Para la UDI, esa era la última concesión que realizaría para tratar de responder a las demandas ciudadanas. Sin embargo, RN y Evópoli fueron más allá y acordaron con la oposición introducir normas de paridad de género, escaños reservados para pueblos originarios y mejore condiciones de competencia para independientes en el proceso.
Ese hecho, que fue ratificado el jueves en la Cámara de Diputados, motivó a la tienda liderada por Jacqueline Van Rysselberghe a decretar el congelamiento de Chile Vamos, acusando deslealtad por parte de sus socios. Por ahora, el futuro de la coalición que sustentó el regreso de Sebastián Piñera a La Moneda es incierto.

Quiebre en el Frente Amplio

Ha sido quizás el sector más golpeado por la crisis, por distintos factores. El principal fue la incomodidad que evidenciaron al tratar de mantener un pie en la calle y cumplir un rol en político-institucional al mismo tiempo. Esa dicotomía terminó por dividir al bloque entre los que apostaron por los acuerdos y quienes se restaron de ellos.
Un ejemplo de ello fue el respaldo de algunos de sus líderes hacia el concepto de la “desobediencia civil” y la decisión inicial de no ir a La Moneda, hechos que pusieron en duda su madurez.
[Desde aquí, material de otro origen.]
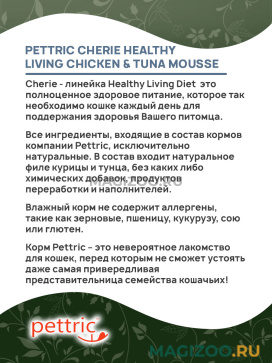 Влажный корм (консервы) PETTRIC CHERIE HEALTHY LIVING CHICKEN & TUNA MOUSSE для взрослых кошек мусс с курицей и тунцом (80 гр)

Pese a ello, y al igual como ocurrió en el oficialismo, algunos partidos fueron cambiando de opinión y terminaron optando por el diálogo.
Así, RD, Comunes, el Partido Liberal y parte de Convergencia Social (CS) se sentaron a la mesa con Chile Vamos y la ex Concertación para lograr un acuerdo constitucional, hecho que terminó por romper la coalición. A juicio de algunas de sus orgánicas, esos partidos cometieron el error de negociar sin sumar al movimiento social.
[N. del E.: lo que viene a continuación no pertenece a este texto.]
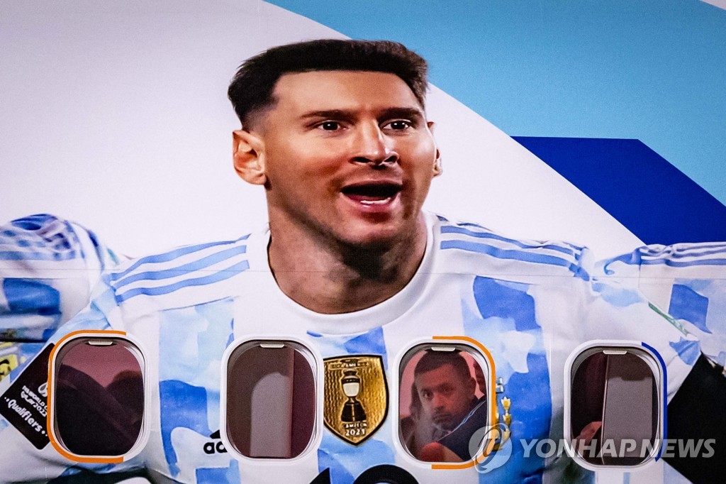 | ▲ 아르헨티나 대표팀 비행기 바깥을 장식한 리오넬 메시의 사진 [AFP=연합뉴스 자료사진] |

Esa fue la postura del Partido Ecologista, el Humanista e Igualdad, colectividades que decidieron retirarse definitivamente del bloque junto a casi 200 militantes de CS. ¿El saldo? Cuatro diputados menos en su bancada, pero también el cierre de las disputas internas que impedían buscar nuevos acuerdos con el resto de la oposición.

Más Concertación que Nueva Mayoría

Pese a que hasta antes del 18-O mantenían ciertos vínculos, incluyendo la opción de concordar pactos de omisión y otras fórmulas con miras a las elecciones municipales y de gobernadores de 2020, la crisis social terminó por distanciar casi totalmente al PC del resto de la ex Concertación, conformada por la DC, PS, PPD y el PR.
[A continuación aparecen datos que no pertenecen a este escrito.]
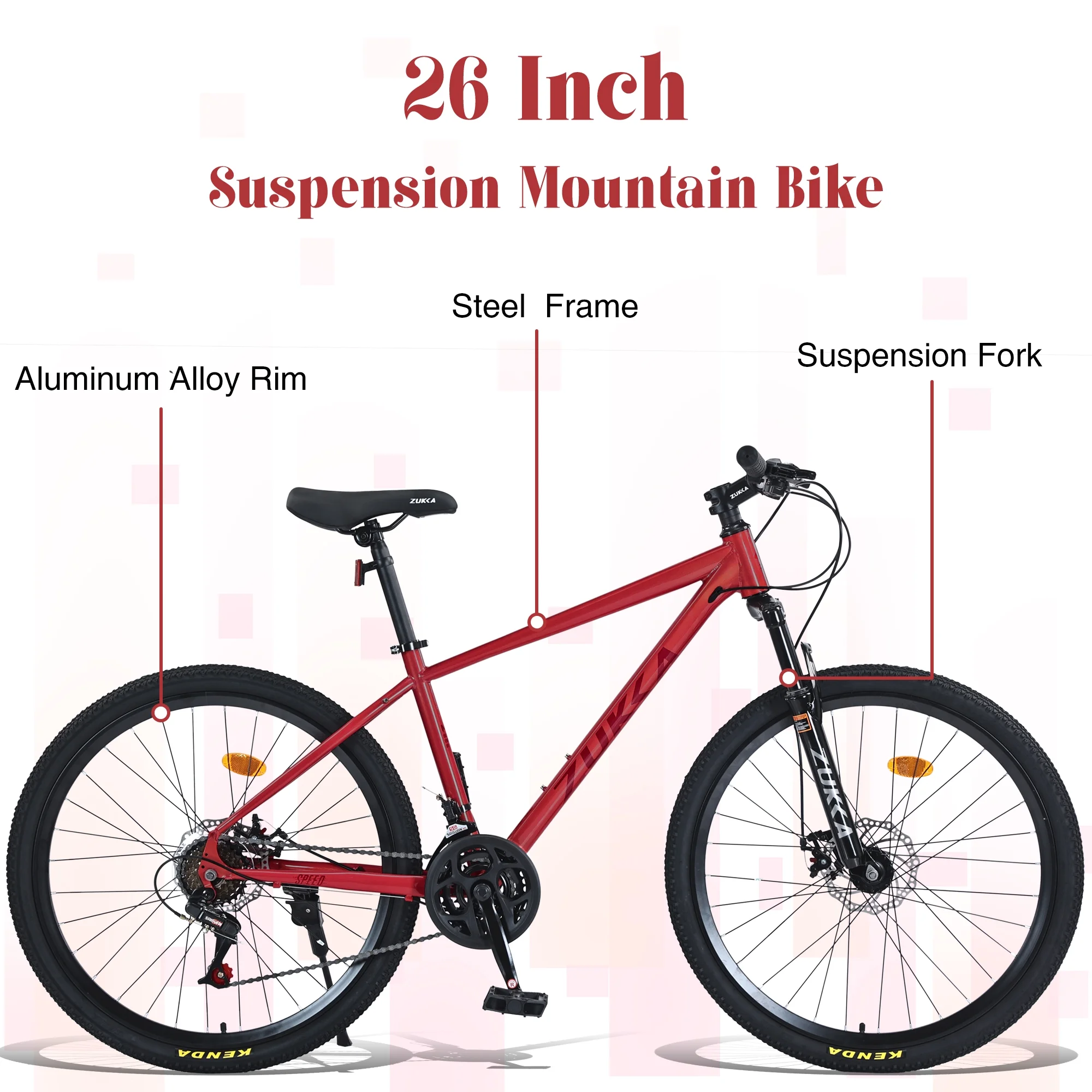- ALL-TERRAIN 26�� KENDA TIRES - Equipped with 26 x 1.95 KENDA rubber tires, this mountain bike for adults offers outstanding grip, puncture resistance, and shock absorption��ideal for gravel, dirt trails, pavement, and more.

Tras el pacto por una nueva Constitución, se intensificaron los intercambios entre esos partidos, mientras que los comunistas quedaron aislados al restarse del acuerdo. No obstante, y pese al avance de la agenda progresista durante la crisis, aún es complejo pensar en la unidad de la centroizquierda histórica con lo que quedó del Frente Amplio.
Ello, debido a que durante el transcurso de la discusión de temas derivados del estallido, como las acusaciones contra el ex ministro Andrés Chadwick y el Presidente Piñera, nuevamente aparecieron diferencias con los sectores más moderados, como la DC y el PR, colectividad que terminó perdiendo a dos diputados tras ese debate.
En tanto, la Unidad para el Cambio, conformada por el PC, el FRSV y el PRO buscará crecer por la izquierda, iniciando contactos con los desencantados del FA. Con ellos, han insistido en una asamblea constituyente y en el rechazo a la criminalización del movimiento social, marcando diferencias con el resto de la oposición.